また、PDCAをどう回したか、試行錯誤の過程や改善点を記載すると、読み手に再現性を感じてもらいやすくなります。
面接では職務経歴書で表面的に仕入れた情報に、実際に対話を通じて知り得た熱量や人柄を肉付けしていきます。具体性があり、プロセスが整理された履歴書はただでさえ情報を整理するのが大変な面接官の負担を減らします。
「実際にこの候補者は何を、どのように、どんな気持ちで達成したのか」という一番大切な情報に、面接での質疑を集中させることができます。

3. 「志望企業との接点」を明確に

どれだけ立派な経歴があっても、応募先の企業と関係のない内容ばかりでは響きません。
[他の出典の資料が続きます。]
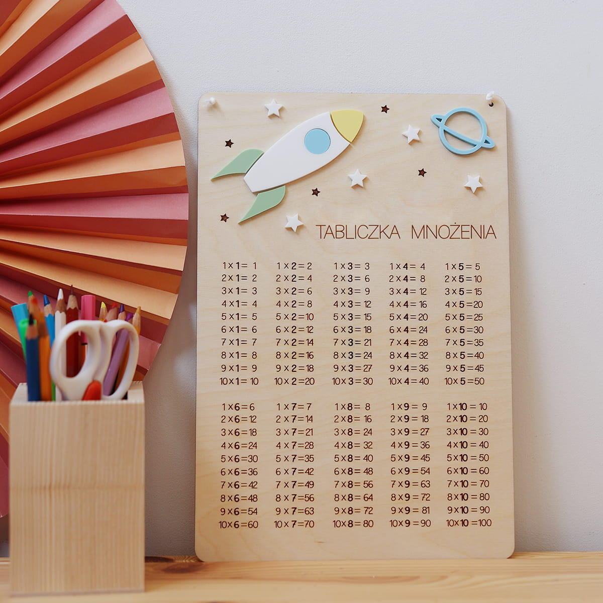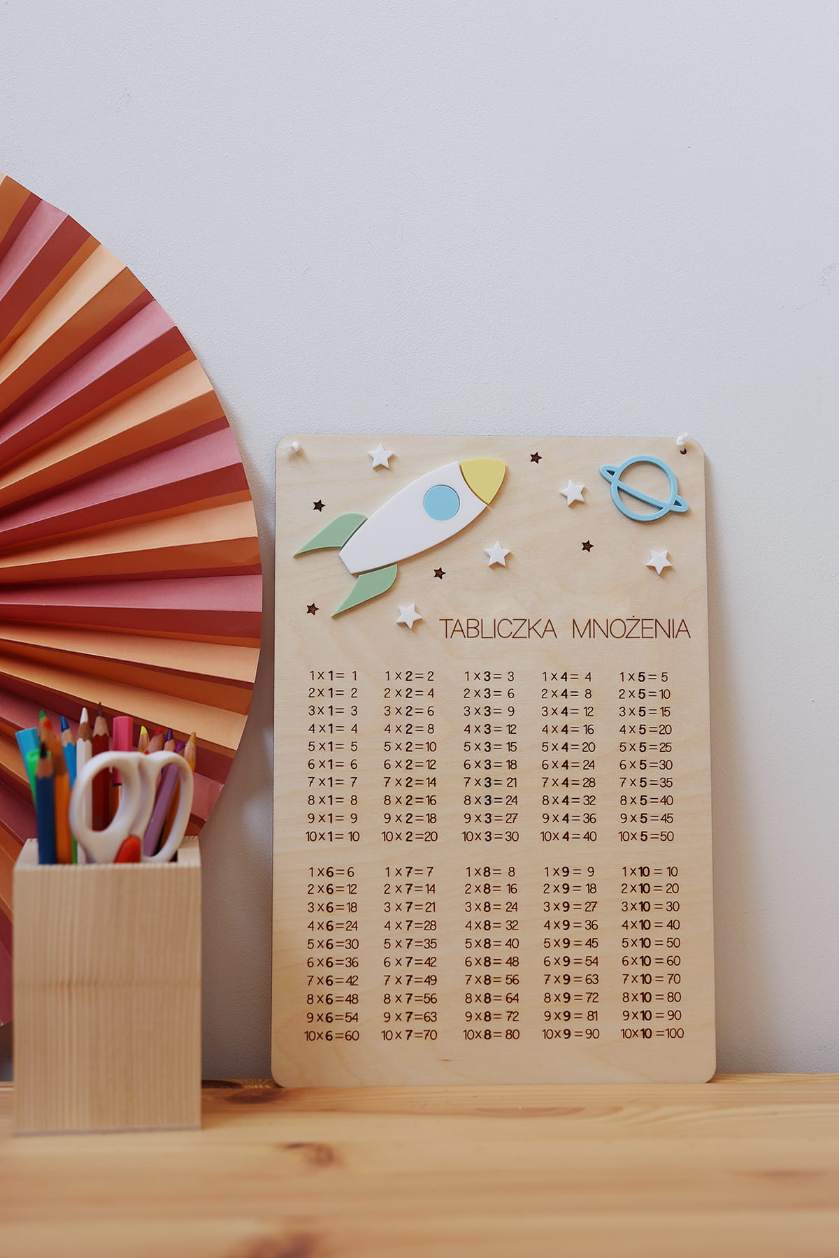 Drewniana pomoc edukacyjna z grawerowaną tabliczką mnożenia. Ułatwia naukę matematyki i stanowi kolorową dekorację pokoju dziecięcego. Na tabliczce może się znaleźć dowolne imię lub hasło "Tabliczka mnożenia"
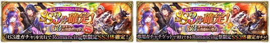 本ガチャでは、通常ガチャと「集めて実行!SS3体確定!63連ガチャ Romancing祭チケット[期間限定]」を63枚集めることで実行できるガチャの2種類をご用意しております。
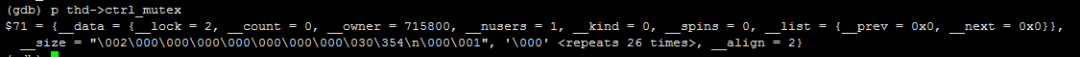 通过gdb可以看到,__kind的值为0,一定是非共享锁;

応募企業が何を求めているかを想定し、それに対して自分の経験がどう活かせるのかを結びつけて書くことが大切です。
「経歴が完全に一致していなくても、接点や関連性を読み手に伝えること」が重要です。
たとえば、有形商材の個人営業の経験があり、無形商材の法人営業に応募する場合:
• 業種の違いを埋める共通スキル(ヒアリング力、提案力)
• 取り扱った商材の中にデジタル要素があった経験
など、読み手が「この人ならいけそう」と思える要素を提示しましょう。
そちらについては他の記事でもご紹介しています。

4. 「自分の仕事を再分析する力」が問われる

職務経歴書の作成は単に採用担当者への情報提供ではなく自分の仕事のプロセスを分解し、知識や経験を再構築することにも有用です。
例えば採用業務と一つとってもアピールできる内容は様々です。
【例】
• 見積〜要件定義〜設計〜開発の全工程に従事
• 社内の承認フローを構築し、リードタイムを2週間短縮
•内定承諾率を高めるため、在籍社員との懇談会やオフィスツアーを企画
タスクの全体像や関係者とのやり取り、調整した経験なども加えることで、マネジメント力や実行力が伝わりやすくなります。
冒頭に、自分でも思いもよらなかった角度から企業のスカウトを受け取ったエピソードを記載しました。職務経歴書は繰り返しになりますが、自分の経験や能力を材料として提案することです。ある程度、その材料からできるレシピやイメージすることができますが、そこからインスピレーションを経て、自社でどう活躍してもらうかは、企業によって全く異なります。

まとめ:職務経歴書は“伝える力”そのもの

職務経歴書は、あなたのこれまでのキャリアを一枚で伝える「セルフブランディングの書類」です。大切なのは、「何をしてきたか」よりも「どう伝えるか」。
• 重要な情報に絞る
• 実績は数字で伝える
• 志望企業との接点を可視化する
• 再現性ある経験として分解する
• 常にアップデートしておく
これらを意識してコツコツとアップデートを繰り返すことは、転職をするしないに関わらず、自分のキャリアを客観的に分析するよい機会になります。